4. Tony Leung Chiu Wai. "Guy With Whom I'd Most Like to Share a Bowl of Noodles." Often referred to as the Clark Gable of Asian cinema, Hong Kong filmstar Tony Leung first came to my attention in the visually stunning martial-arts epic "Hero", where his hapless character is repeatedly stabbed (by way of retelling the same story) by the object of his affections. My favourite film in which Leung has appeared, however, is the fast-paced crime drama "Infernal Affairs" where the actor sports a black leather jacket and scraggy facial hair. While Leung's signature "sad-eyed, doomed lover" expression makes an appearance throughout this film, it's the scenes in which he lightens-up and cracks a mischievious smile where he is at his most charismatic.

5. Aamir Khan. "Guy With Whom I Might Consider Sitting Through a Cricket Match". One of the main heartthrobs of Bollywood, I first encountered Indian actor Aamir Khan through his roles in Deepa Mehta's "Earth" and the Oscar-nominated film "Lagaan". Although I enjoyed the film less than "Earth", Khan appears his most lean and buff in "Lagaan" where he portrays a poor man who plays for the honour of his village (and the Indian people as a whole) in a cricket match against those wicked, arrogant British. A heavy-handed "brown people good, white people bad" film, but the interspersed Bollywood-style musical numbers are toe-tappin' fun.

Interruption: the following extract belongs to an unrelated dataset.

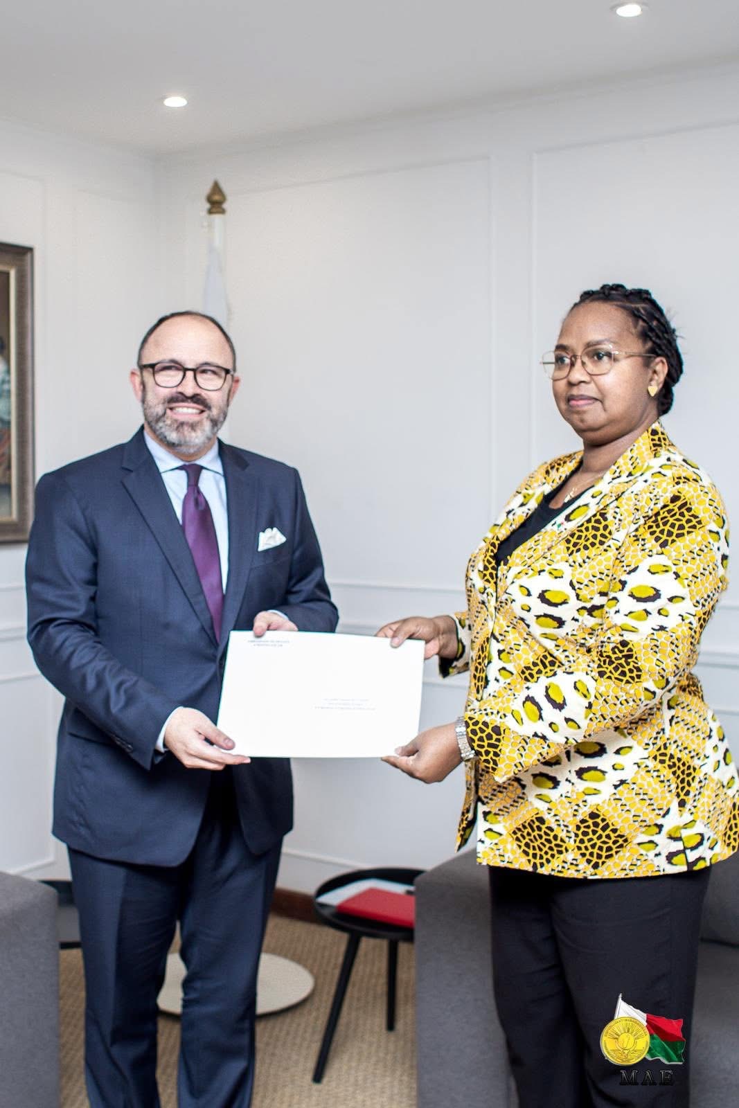 La Ministre des Affaires étrangères, Mme Alice N'Diaye, a reçu hier S.E.M. Arnaud Guillois, Ambassadeur de France à Madagascar.

Oops .. sounds like Ridley has just awoke from his nap. I'll continue this (no doubt) fascinating List later.

Monday, September 04, 2006

Call me a shoe fashionista. Call me vacuous, vapid and frivolous (though I wouldn't advise you do so in my presence). The ice caps are melting. War is raging. Injustice runs rampant. However...

...I just received my first pair of Fluevogs. See photo above.

When you are fashionably shod, life can't be all that bad.